The expected output is the data below, character for character, without its pictures.

### Input data ###

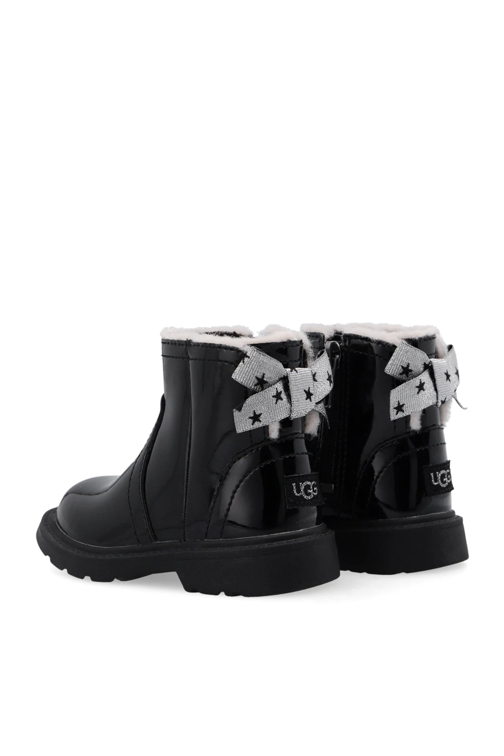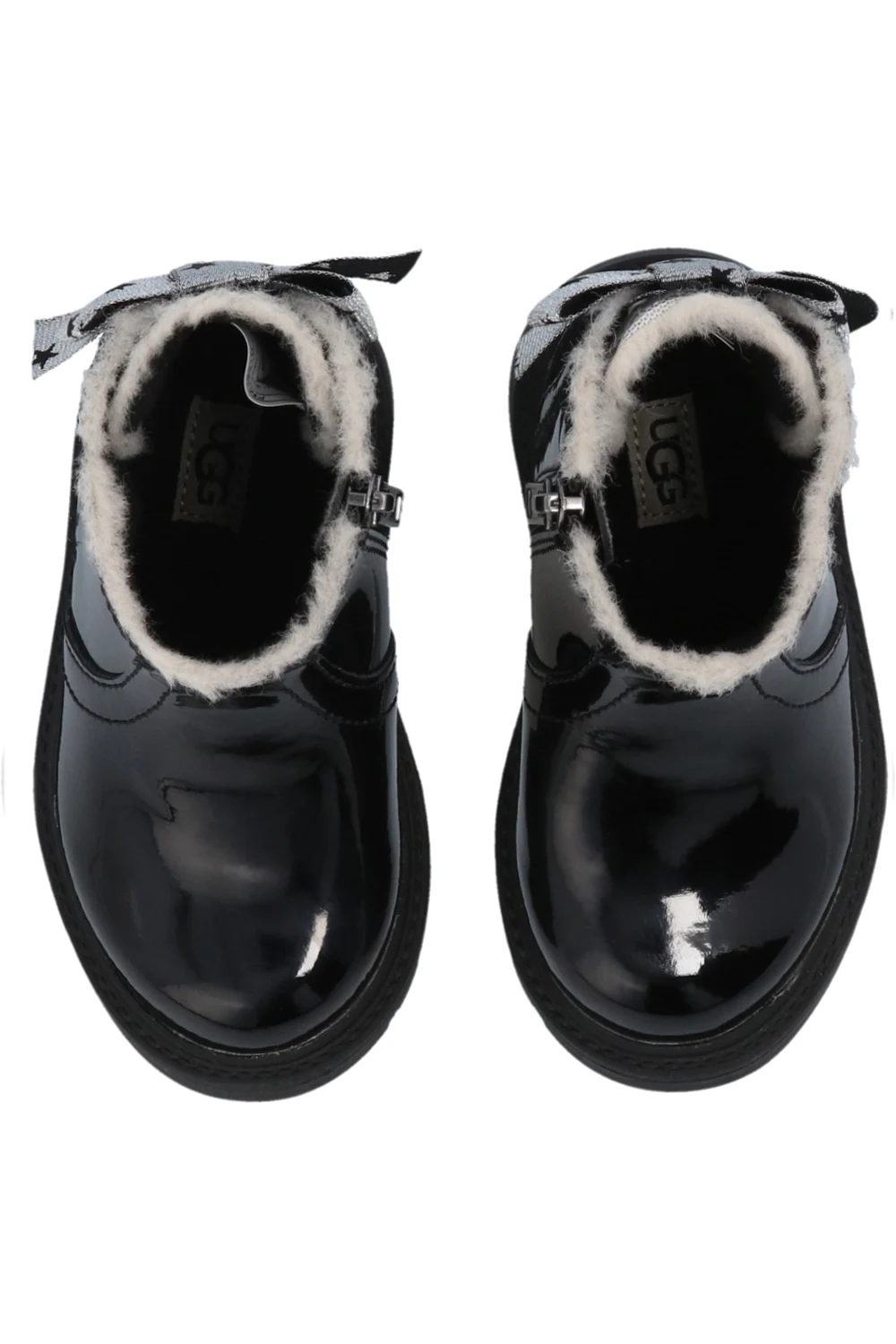 Black ‘T Lynde Patent’ ankle boots from UGG Kids. Crafted from patent leather, this pair features a side zip, logo patch at the back, decorative silver-tone bow, UGGpure™ wool lining and black rubber sole.
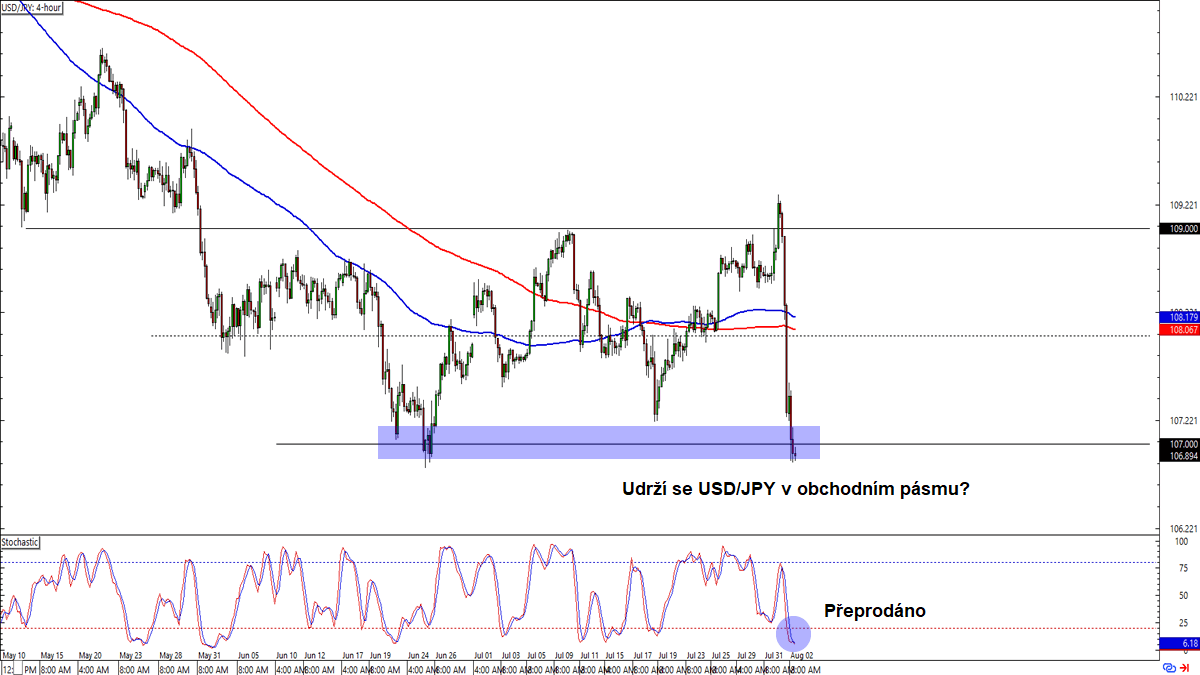 Měnový pár USD/JPY na 4hodinovém grafu aktuálně testuje support obchodního pásma kolem psychologické hladiny 107,00, kam se dostal po předchozím prudkém propadu. Indikátor Stochastic současně již vysílá přeprodané podmínky, což značí možnou vyčerpanost medvědů. Otevření dlouhé (long) pozice kolem současných úrovní tak může být dobrý obchodní plán, zejména pokud cílíte na rezistenci obchodního pásma kolem hladiny 109,00.
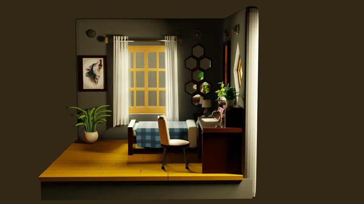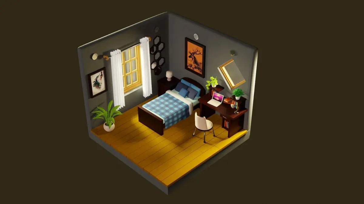 I created this Isometric Bed Room (B) using Blender 3.0.1. All house objects are named and separated. In this model textures are use only for hanging photos and laptop wallpaper.

###

__Response to this exercise__
 Black ‘T Lynde Patent’ ankle boots from UGG Kids. Crafted from patent leather, this pair features a side zip, logo patch at the back, decorative silver-tone bow, UGGpure™ wool lining and black rubber sole.
 Měnový pár USD/JPY na 4hodinovém grafu aktuálně testuje support obchodního pásma kolem psychologické hladiny 107,00, kam se dostal po předchozím prudkém propadu. Indikátor Stochastic současně již vysílá přeprodané podmínky, což značí možnou vyčerpanost medvědů. Otevření dlouhé (long) pozice kolem současných úrovní tak může být dobrý obchodní plán, zejména pokud cílíte na rezistenci obchodního pásma kolem hladiny 109,00.
 I created this Isometric Bed Room (B) using Blender 3.0.1. All house objects are named and separated. In this model textures are use only for hanging photos and laptop wallpaper.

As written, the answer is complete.